SURABAYA, iNews.id - Skema urun dana atau crowdfunding dari rakyat untuk pembangunan Ibu Kota Negara (IKN) menjadi isu yang terus diperbincangkan akhir-akhir ini.
Dosen Fakultas Ilmu Sosial dan Ilmu Politik Universitas Airlangga (UNAIR), Gitadi Tegas Supramudyo, menilai bahwa skema ini muncul dan mengejutkan masyarakat. Hal itu diakibatkan oleh grand design sumber dana pembangunan IKN yang belum jelas.
Skema Pendanaan IKN
“Kebutuhan anggaran untuk pembangunan IKN adalah 466 triliun, hanya didukung APBN 20 persen. Artinya, 80 persen setara 377 triliun berasal dari sumber lain yaitu non-APBN,” jelas Gitadi.
Sampai saat ini pemerintah hanya mengumumkan secara detail sumber dana pembangunan IKN dari sisi komponen APBN. Pemerintah belum menjelaskan secara detail komposisi sumber dana pembangunan IKN dari non-APBN. Hal ini mengindikasikan lemahnya dimensi perencanaan pembangunan IKN.
Jika dilihat secara komprehensif dengan mempertimbangkan kondisi ekonomi, utang negara, dan khususnya faktor yang mendesak terhadap adanya IKN, Gitadi menilai sumber dana untuk pembangunan IKN dari non-APBN adalah beban yang sangat berat.
“Mencari 80 persen yaitu sekitar 377 triliun rasanya terlalu utopis,” tuturnya.
Alasan Urun Dana Rakyat
Skema urun dana dari rakyat untuk pembangunan IKN menjadi rencana pemerintah untuk memenuhi salah satu sumber dana pembangunan IKN dari non-APBN.
Akan tetapi, Gitadi menjelaskan bahwa skema urun dana dari rakyat ini bisa saja tidak memenuhi target, sehingga kekhawatiran berkaitan dengan adanya kemungkinan oversimplified dan overconfidence oleh pemerintah pun timbul.
“Pemerintah berpikir seandainya 20 persen saja masyarakat Indonesia akan menyumbang, maka akan didapat dana yang besar,” ujar Gitadi.
“Tidak tercapainya target urun dana dari rakyat bisa berpengaruh dan bisa tidak terlalu berpengaruh, tergantung proporsinya.

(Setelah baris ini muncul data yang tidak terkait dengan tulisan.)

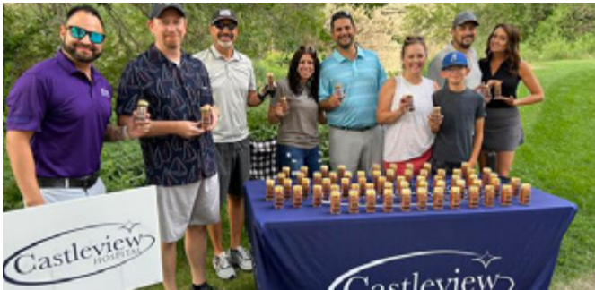
Castleview Hospital team members participated in the annual International Days Golf Tournament by handing out custom-created Castleview BBQ Rub.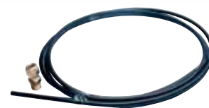
Oil line kit 230.012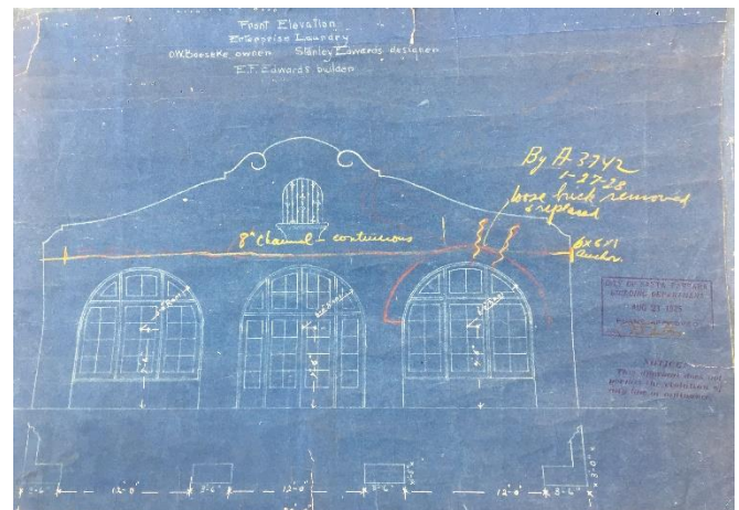
225 State Street original drawings dated August 21, 1925

The urban historian prepared this evaluation to assist the Historic Landmarks Commission in the review of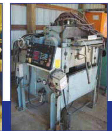
1990 ORI FEEDER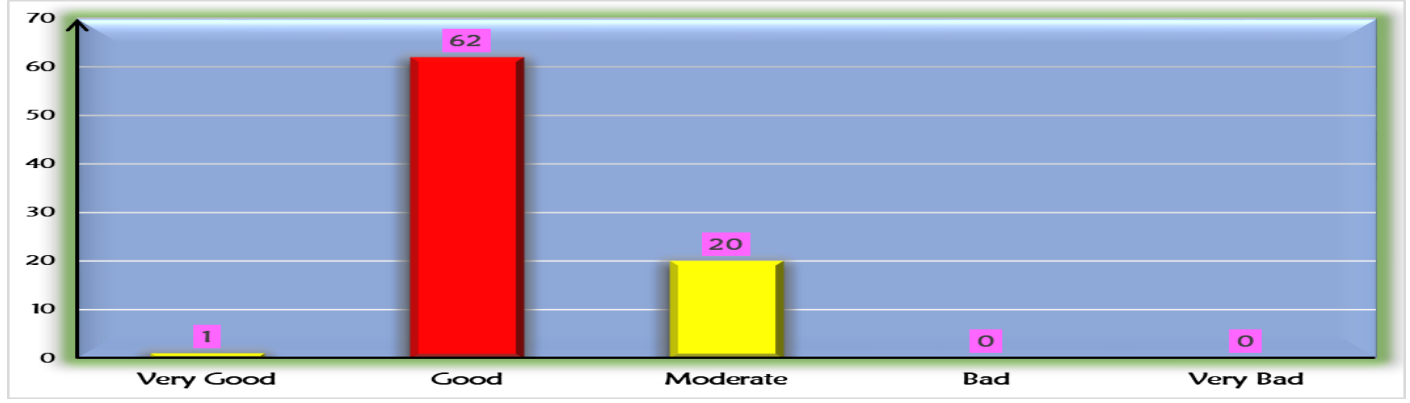
Graph 3. The Psychological Skills of Athletes

Based on table 4, it can be seen that 20 athletes have moderate category, 62 athletes have good category, and 1 athlete has very good category, and no athlete has bad or very bad category. The result of psychological skills of athletes are presented in graph 3.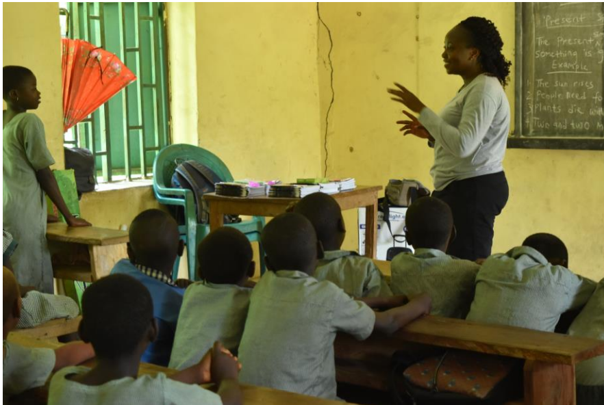
Facilitation during club activity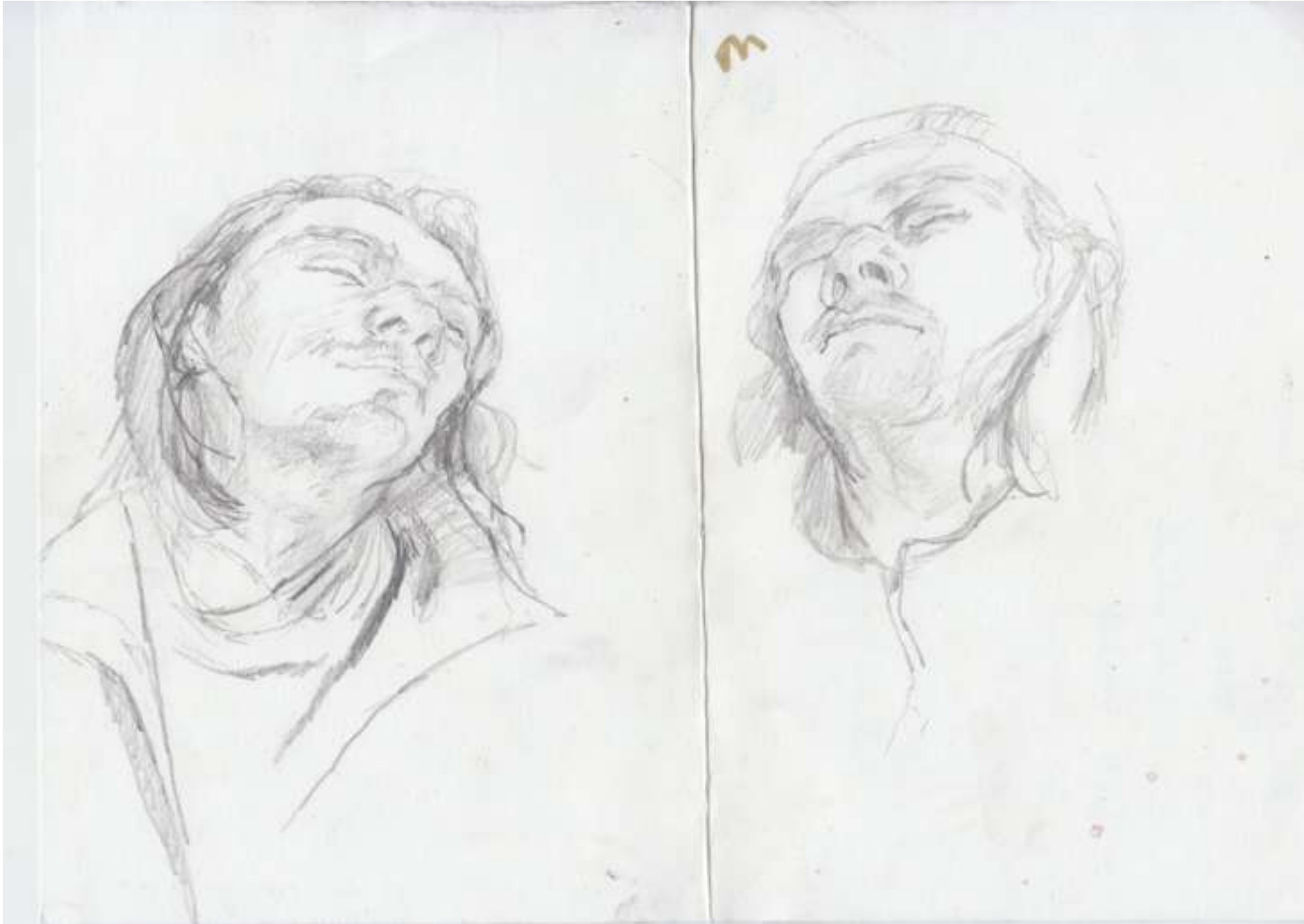
Drawing for Fold Pencil on paper 27x20cm Rachel Mercer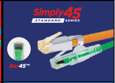
Simply45™ STANDARD SERIES

Simply Easier to Use Simply Better Quality Simply More Affordable YOUR CONNECTOR SOLUTION CENTER FOR CAT5E, CAT6, CAT6A, CAT7, AND CAT7A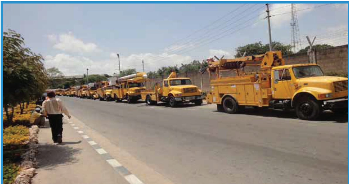
Units out of the port ready for delivery to the clients' premises. Self-driven by our own well-trained, professional and disciplined drivers.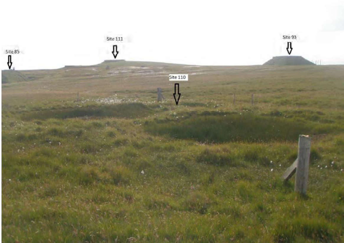
Plate 71: East facing view of two conjoined bomb craters (Site 110) with the CH generator (Site 93), Transmitter (Site 85) and Receiver (Site 111) block in rearground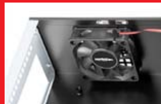
Top cooler 60 mm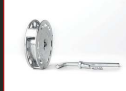
MBX Adapter System USAS-009-11 11 mm width

0.7 mm spring steel angled, ground and heat treated tips, OD:115mm 0.7mm surgical spring steel, ground tips, OD:115mm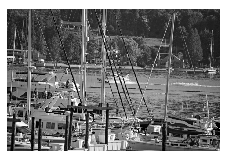
With the Hood Canal Bridge closure starting May 1, increased sea plane landings are expected at Port Ludlow Marina

In all, PLA is in excellent financial health according to Verrue. He predicts a bright future for Port Ludlow.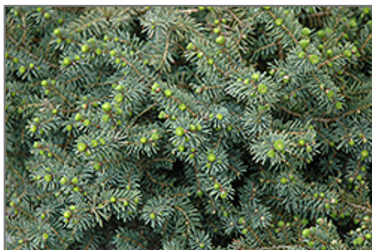
Dwarf Black Spruce foliage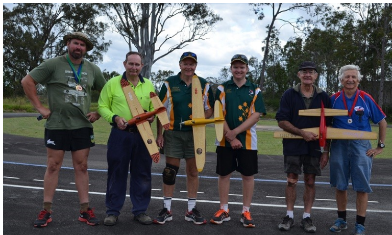
Classic FAI final teams.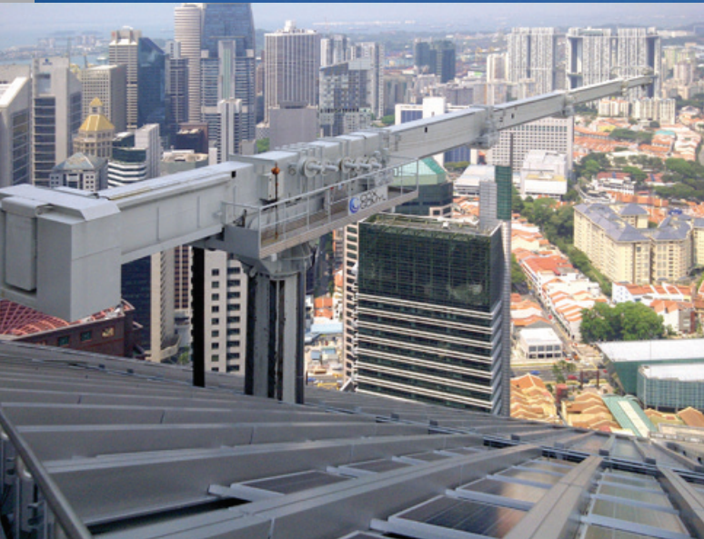
Above: One Raffles Place, Singapore This page: Duke Energy Center, USA

Designers, consultants, constructors or owners are often faced with complicated façade challenges. Whether your building is mega-tall (>600 metres), unusually shaped (such as disc shaped, leaning or spiral plan), or features intricate façades (like protrusions, slopes, recesses or curves), the CoxGomyl designers have a solution. These all make use of CoxGomyl's broad range of expert strategies and methods, such as: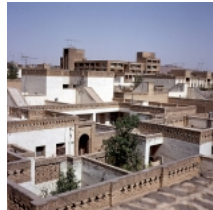
BELOW: SHUSHTAR NEW TOWN, KHUZESTAN, IRAN.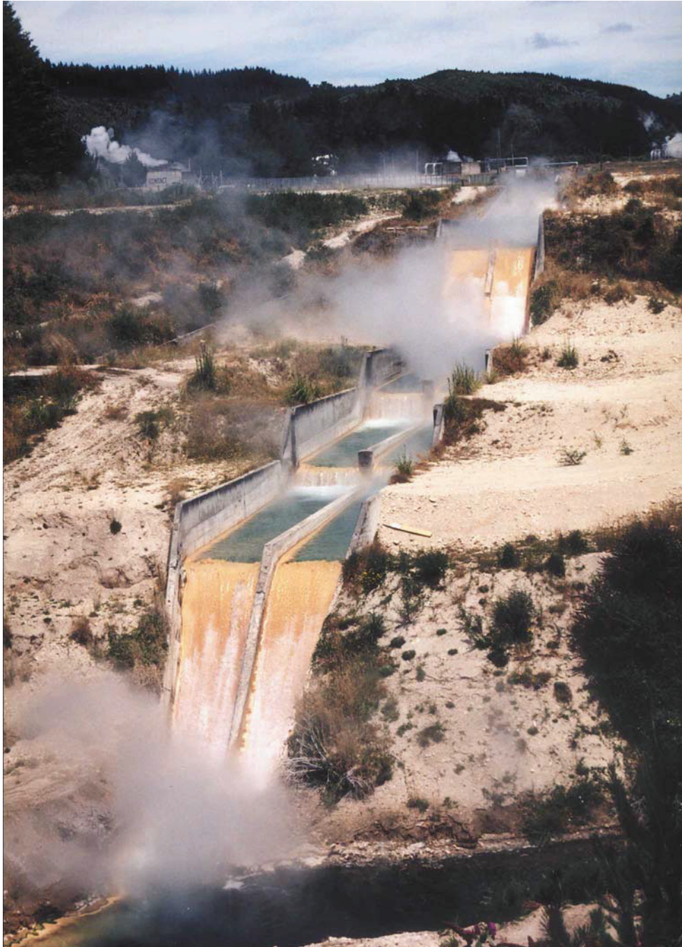
Figure 1. Geothermal fluid drain at Wairakei, New Zealand geothermal site. Silica precipitates of orange-brown color line the channels. A bluish color indicates the presence of colloidal silica in the water.

round of nuclei formation and a bimodal colloid size distribution. Monodisperse silica colloids – colloids having a narrow size range - are more valuable.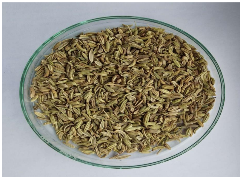
Fig: Bādiyān ( Foeniculumvulgare Mill.)

Macroscopic: Entirely fruits are attached with pedicle, mericarps, up to around up to around 100mm long and 4mm wide, five sided with a broader commissural surface, tapering slightly towards base and apex, capped with a conical stylopod, glabrous, greenish or yellowish-brown with five paler prominent main ridges; endosperm; orthospermous [7].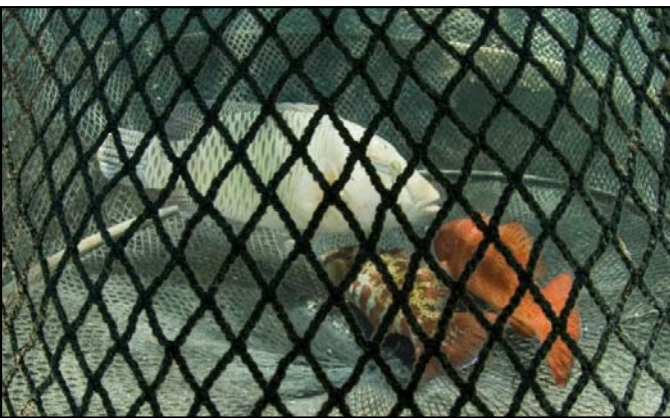
A napoleon wrasse inside a fishpen with two groupers in the waters of Balabac Strait.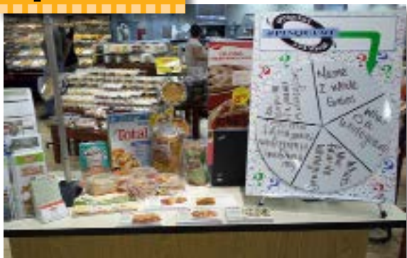
Quiz Game, Whole Grain Prizes Giant Eagle Supermarkets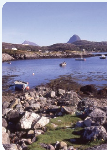
Lochinver by The Highland Council

The sheltered sandy bays and headlands around Gairloch are good sea watching sites. You might get a chance to see pods of common dolphin, a minke mother and calf, harbour porpoise and more rarely basking shark, white-beaked dolphin and killer whale possibly in pursuit of salmon.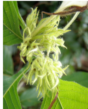
Mussaenda dinhensis RUBIACEAE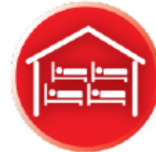
ESF 6 Mass Care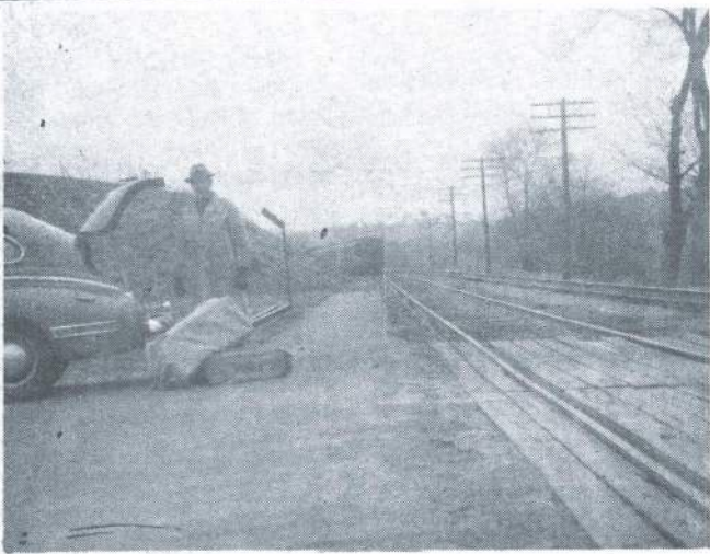
End of an era! Last train pulls away and Mr. Shupe loads last of mail into car for trip to Post Office.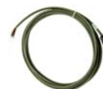
PLC Adapter Cable HMI-CAB-ST001 Connects to AGP3000/ST40x serial port with 9 conductor open ended wires for connecting to 3rd party screw terminal devices.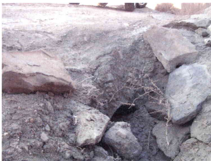
Photo 1. Partially blocked inlet to culvert in ditch DD-2a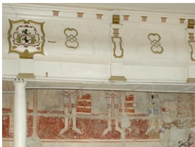
Sancti reges Hungariae, Khust

Place: The eastern side of the north wall of the nave, on the lower register.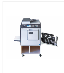
Duprinter | DP-X550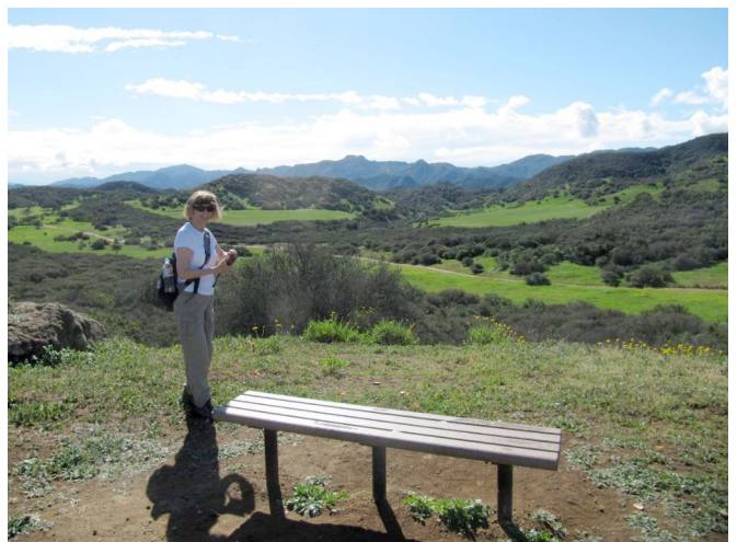
Los Robles Overlook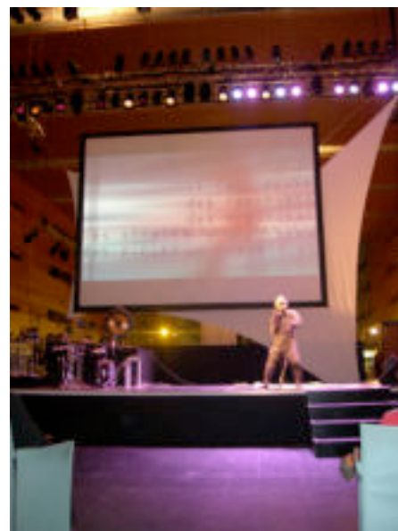
Fig.1: A performance with "BodySuit" and "RoboticMusic". A photo from its rehearsal.

This project originally started in 2002. This system is intensively experimented with and was shown on several occasions during 2005. The last performance was realized in, "Utopiales," a festival in Nantes, France in November, 2005 (Fig:1).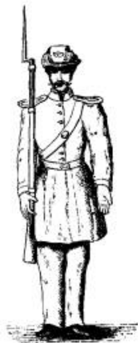
Shouldered Arms.—No. 127.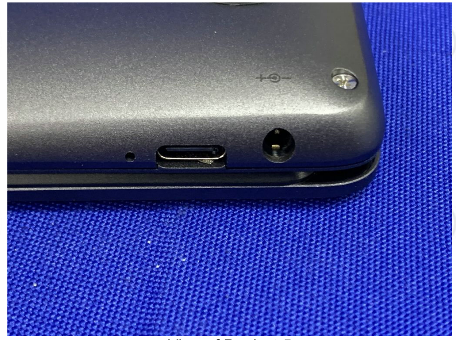
View of Product-5

Apalagi sampai saat ini tidak diketahui secara detail komposisi sumber dana non-APBN tersebut,” jelasnya.
Sumber dari Kerja Sama
Gitadi menyarankan agar skema sumber dana pembangunan IKN dari kerja sama lebih dikedepankan meskipun biasanya akan berdampak pada posisi tawar terhadap pihak kedua, khususnya dalam policy making.
“Apalagi jika mengandalkan sumbangan sektor privat yang sebagian besar biasanya meminta kompensasi langsung maupun tidak langsung dalam berbagai bentuknya,” tegasnya.
“Terkait dengan dana dari masyarakat, sebaiknya kecil saja mengingat pengalaman crowdfunding di masa lalu,” pungkas Gitadi.